2012-12-14 07:14:10 -05:00
Jiri Denemark
b4f20d07e2 spec: Include lockd files in libvirt-daemon package 2012-12-14 11:59:37 +01:00
Jiri Denemark
2e59e1207a build: Install both qemu-lockd.conf and qemu-sanlock.conf
With sanlock enabled, only one of those files was installed.
2012-12-14 11:59:37 +01:00
Eric Blake
c0a8056ee2 build: use fewer cat processes
* src/Makefile.am (libvirt.syms): Let cat loop for us.
2012-12-13 15:45:40 -07:00
Ján Tomko
b28fb61fd7 selinux: fix NULL dereference in GetSecurityMountOptions
In the case of an OOM error in virDomainDefGetSecurityLabelDef, secdef
is set to NULL, then dereferenced while printing the debug message.
2012-12-13 15:41:44 -07:00
Jiri Denemark
912a4e9c06 build: Distribute more files 2012-12-13 23:17:34 +01:00
Jiri Denemark
809473ba6c locking: Fix VPATH build and distribute generated files 2012-12-13 23:17:34 +01:00
Laine Stump
d66eb78667 network: prevent dnsmasq from listening on localhost
This patch resolves the problem reported in:

   https://bugzilla.redhat.com/show_bug.cgi?id=886663

The source of the problem was the fix for CVE 2011-3411:

   https://bugzilla.redhat.com/show_bug.cgi?id=833033

which was originally committed upstream in commit
753ff83a50. That commit improperly
removed the "--except-interface lo" from dnsmasq commandlines when
--bind-dynamic was used (based on comments in the latter bug).

It turns out that the problem reported in the CVE could be eliminated
without removing "--except-interface lo", and removing it actually
caused each instance of dnsmasq to listen on localhost on port 53,
which created a new problem:

If another instance of dnsmasq using "bind-interfaces" (instead of
"bind-dynamic") had already been started (or if another instance
started later used "bind-dynamic"), this wouldn't have any immediately
visible ill effects, but if you tried to start another dnsmasq
instance using "bind-interfaces" *after* starting any libvirt
networks, the new dnsmasq would fail to start, because there was
already another process listening on port 53.
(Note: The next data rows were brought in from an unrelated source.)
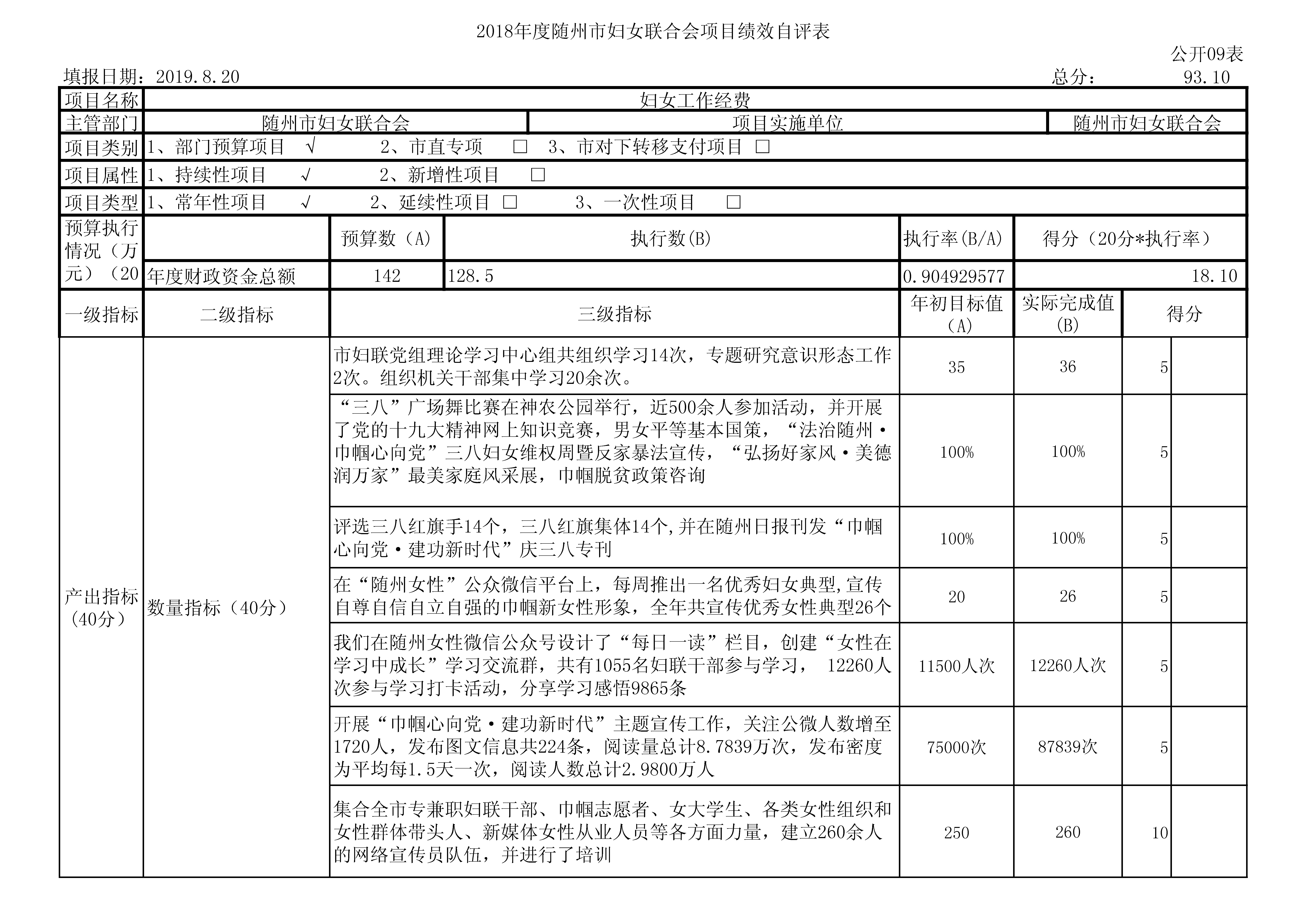 為進一步加強和規范婦女工作經費項目資金的管理,根據市財政局《市財政局關于2018年開展財政支出績效評價工作的通知》隨財發【2019】9號文件的精神和要求,市婦聯成立專班,組織相關專業人員對我單位整體支出情況及產生的社會效益進行了績效自評。根據預算績效管理要求,我會組織對2018年度一般公共預算全面開展績效自評,2018年年初預算資金共計288.25萬元,2018年實際收到資金308.26萬元,實際支出數296.62萬元,一般公共預算支出261.63萬元占支出總額的88.20%。從評價情況來看,我會2018年度部門整體支出績效評價自評結果為“優秀”。
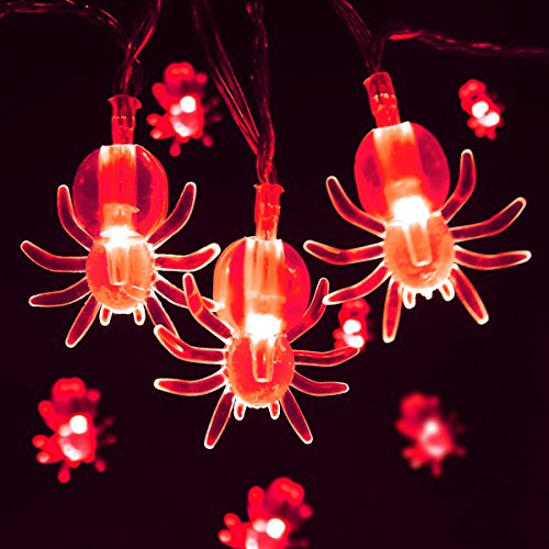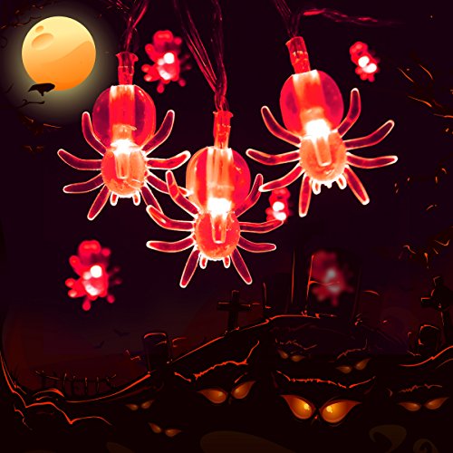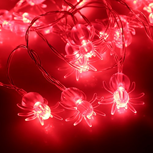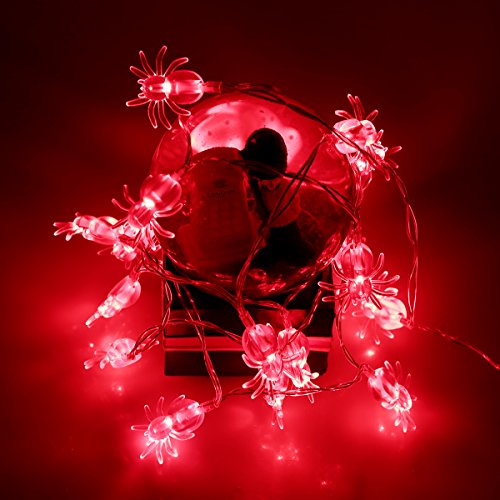 Red Spider Halloween String Lights,7.5ft 20 LED Battery Operated Holiday Decorations Lights for Indoor Christmas Party Garland Decor (1 Pack)
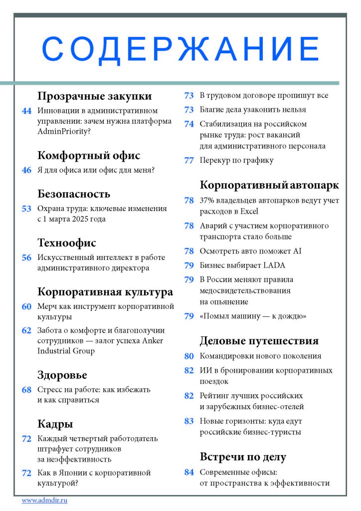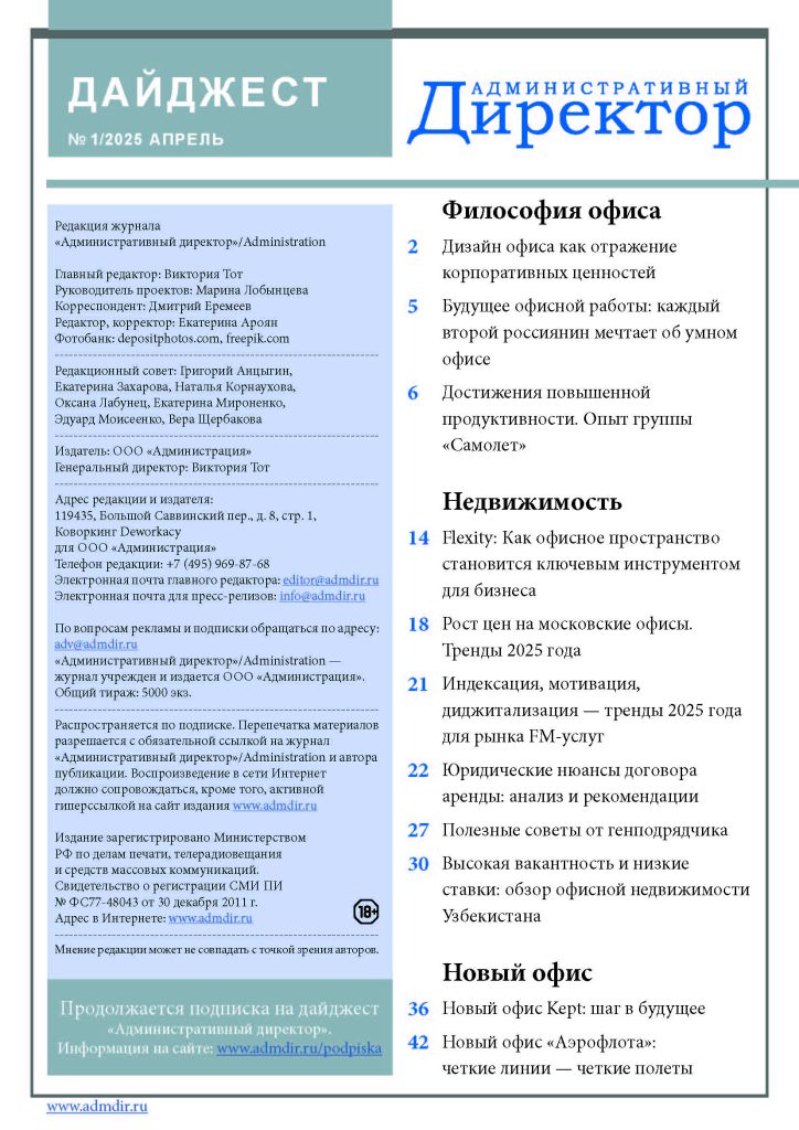 Вышел № 1 ( 2025 ) Подписаться на журнал «Административный директор» можно по ссылке https://admdir.ru/podpiska/
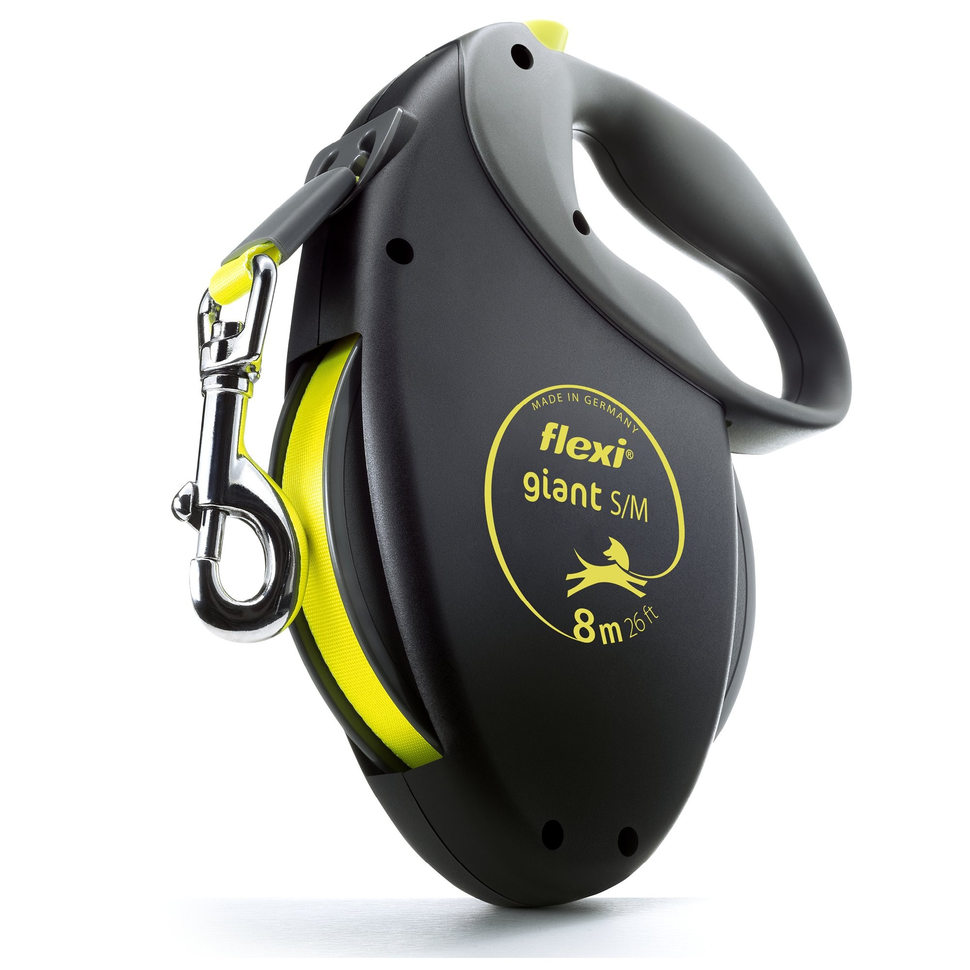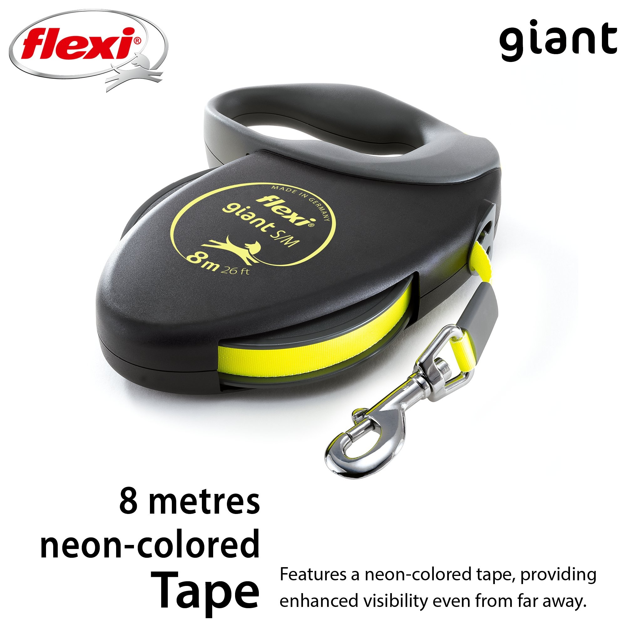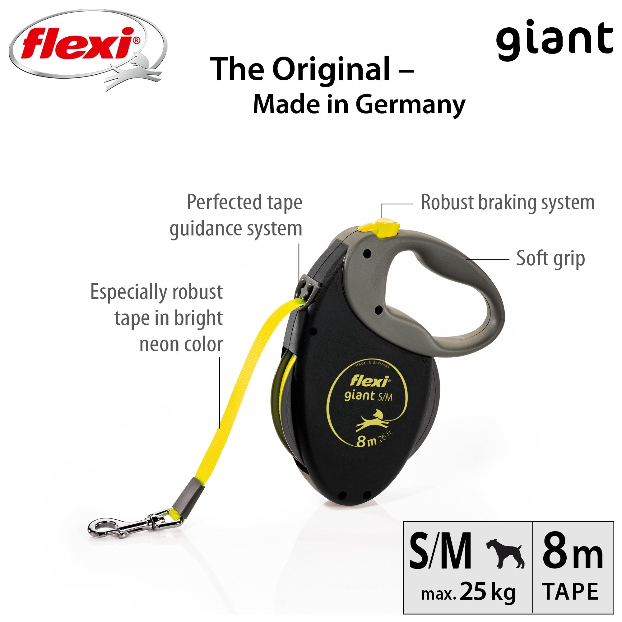 Flexi® má srdce pro velké psy! Vodítko flexi® Giant S/M je navrženo pro silné a aktivní psy až do hmotnosti 25 kg a nabízí volný pohyb do vzdálenosti 8 metrů. A co nabízí Vám? Měkkou rukojeť pro dlouhé výlety a tréninky a mnoho dalších benefitů:

(Subsequent to the CVE fix, another patch changed the network driver
to put dnsmasq options in a conf file rather than directly on the
dnsmasq commandline, but preserved the same options.)

This patch changes the network driver to *always* add
"except-interface=lo" to dnsmasq conf files, regardless of whether we use
bind-dynamic or bind-interfaces. This way no libvirt dnsmasq instances
are listening on localhost (and the CVE is still fixed).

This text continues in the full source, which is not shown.